Covid-19 is disastrous for airlines and air travel, with thousands of flights already axed and more cuts being announced daily.
But the deep drop in passengers is also hammering airports.
Fewer than 100,000 passengers and crewmembers were screened at U.S. airports on April 8. That was a record low and a 95% decline from the same date a year ago, according to the Transportation Security Administration.
But airports are essential community services and must stay open.
“Especially in the time of crisis when critically needed supplies are being shipped and medical workers are being asked to travel to the hardest hit cities,” said Kevin Burke, President and CEO of airport member organization Airports Council International – North America (ACI-NA).
In a recent economic bulletin, ACI-World predicts that, globally, COVID-19 will wipe out almost half of all revenues for airports for 2020.
In the U.S., Burke says ACI-NA expects total airport operating revenue will decrease by roughly $12.3 billion for 2020, a nearly 49 percent reduction.
Some of these losses may be offset once the U.S. Transportation Department and the Federal Aviation Administration begins distributing the $10 billion airports are slated to receive from the recently signed CARES Act.
“However, we expect our losses will increase as this crisis continues,” said Burke.
How are airports coping?
Airports around the country are taking a wide variety of measures to cope and cut costs.
Efforts include closing and consolidating security checkpoints, locking yoga rooms and kids play areas, and shuttering restaurants and concessions. Many airports are even turning off escalators and moving walkways to save on electricity bills.
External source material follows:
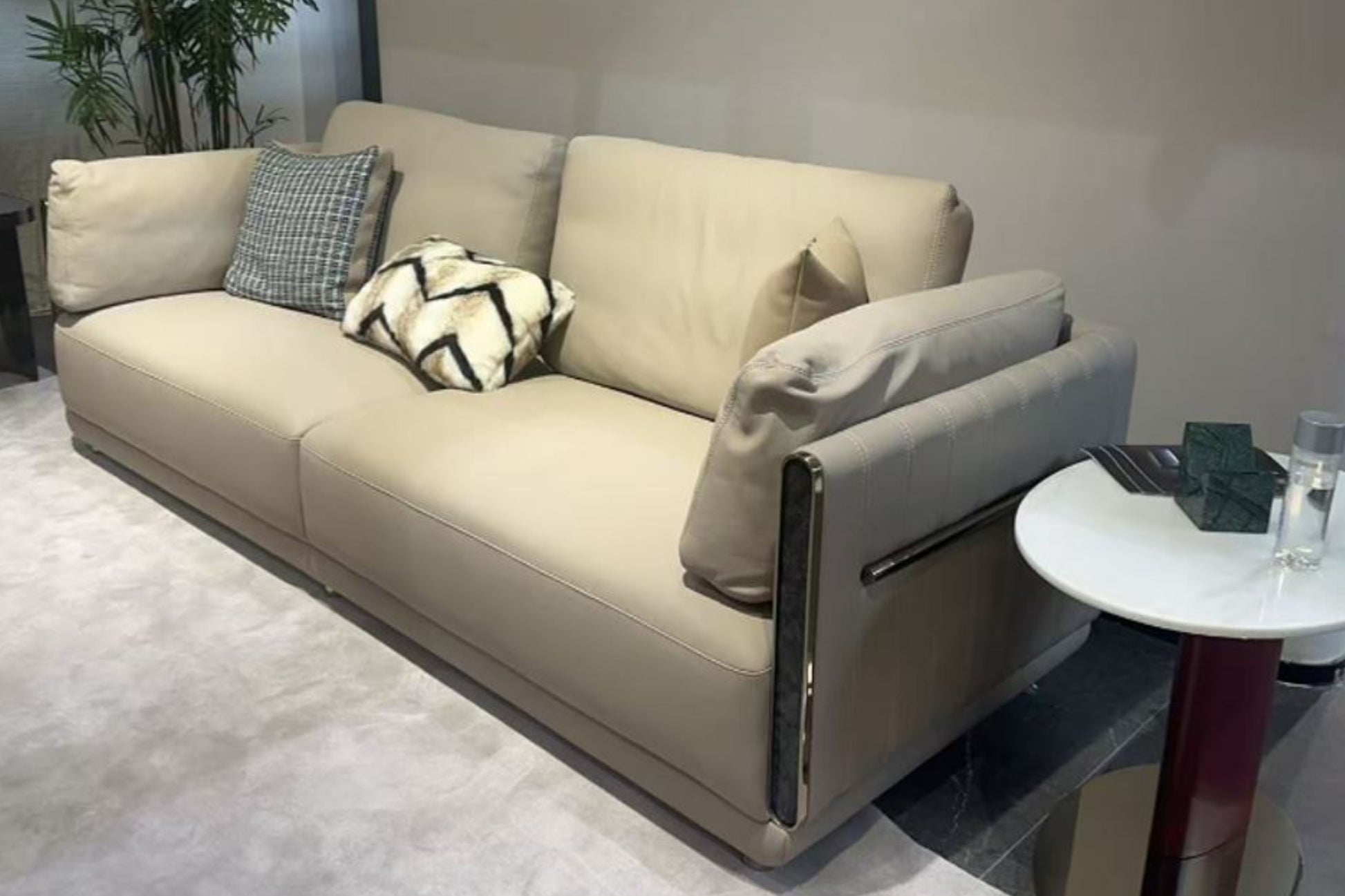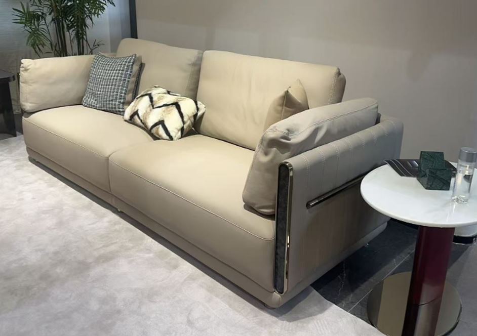 The Architectural Luxe Sofa is designed for those who refuse to compromise on either style or comfort. This commanding 4-seat sofa instantly anchors your living space, combining the inviting softness of premium upholstery with the polished, reflective brilliance of champagne gold metal, creating a stunning contemporary focal point.

At Pittsburgh International Airport, which has seen a 90% reduction in the number of passengers, so many commercial flights have been canceled that the airport is using one of its four runways as a parking lot for almost 100 grounded planes.
The parking fees for those planes won’t come close to replacing revenue losses from the airport’s key income sources which, like other airports, include fees related to airline and passenger activity, said airport CEO Christina Cassotis.
“But the airport must stay open and operational as an essential part of the country’s transportation system,” she said.
“And whether we have one passenger or one plane, we must do the same work to make sure everything is in good working order, from wildlife management to cutting the grass and making sure the airfields are free of debris,” said Cassotis.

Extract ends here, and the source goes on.